## [Problem to work on]
Once the line with "Джефф Ханнеман на" is found, repeat it and all later lines exactly through the end of the listing below, with the pictures left out.

## [Provided data]
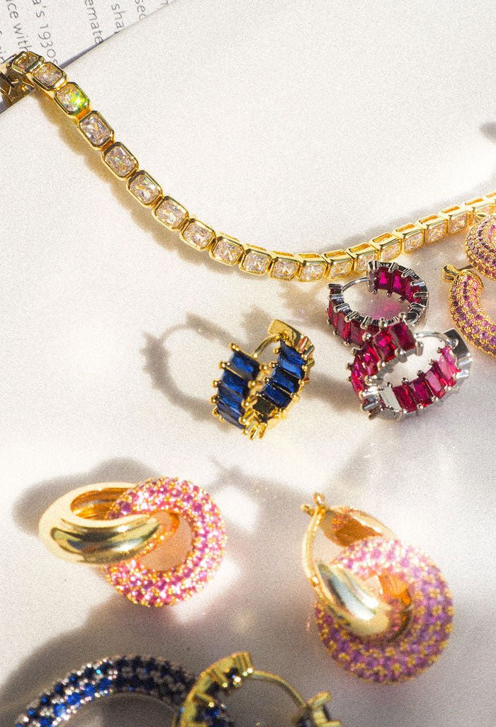 Bezel set. emerald cut ballier bracelet with CZ stones.
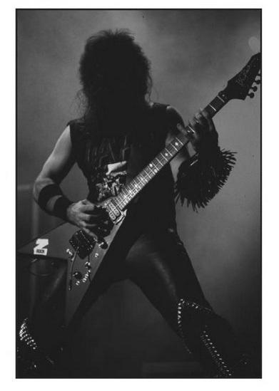 Джефф Ханнеман на сцене в Нью-Джерси, 1998 год. Являясь наибольшим интровертом среди участников Slayer, он редко дает интервью, предпочитая выражать себя на сцене (Фрэнк Уайт).
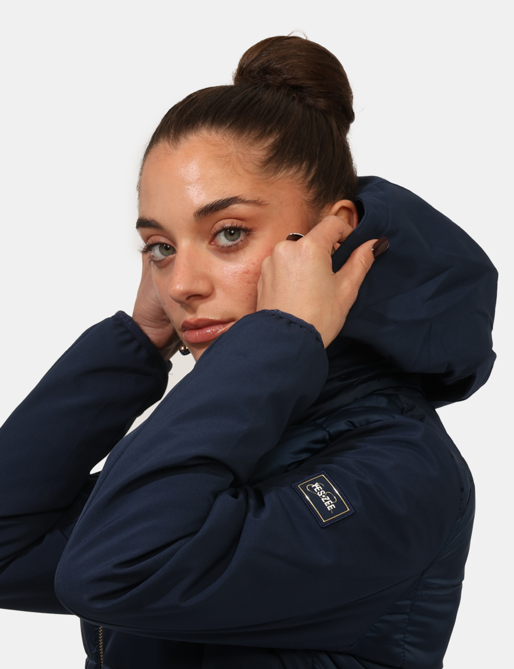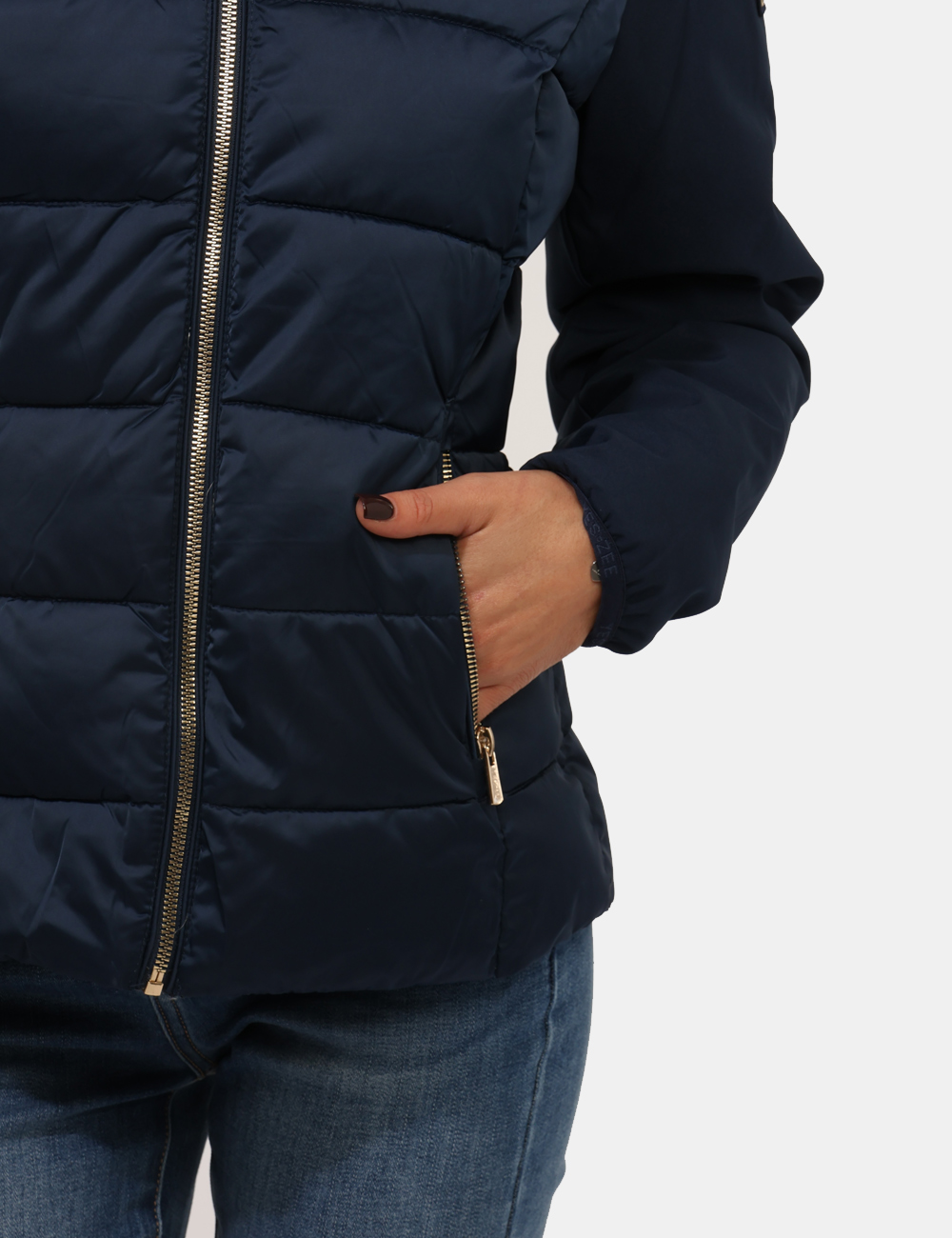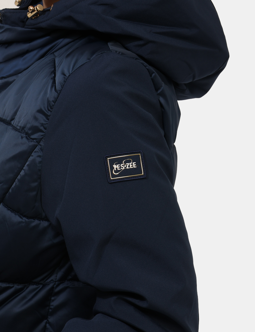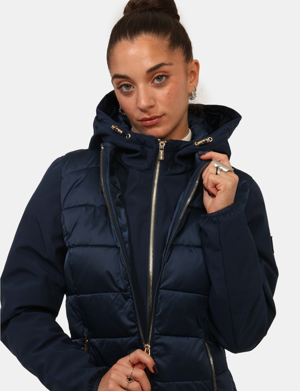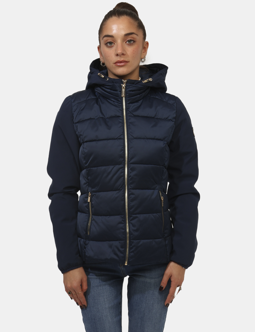 Piumino corto, trapuntato e con cappuccio. Vestibuilità ridotta.

## [Reply to the task]
 Джефф Ханнеман на сцене в Нью-Джерси, 1998 год. Являясь наибольшим интровертом среди участников Slayer, он редко дает интервью, предпочитая выражать себя на сцене (Фрэнк Уайт).
 Piumino corto, trapuntato e con cappuccio. Vestibuilità ridotta.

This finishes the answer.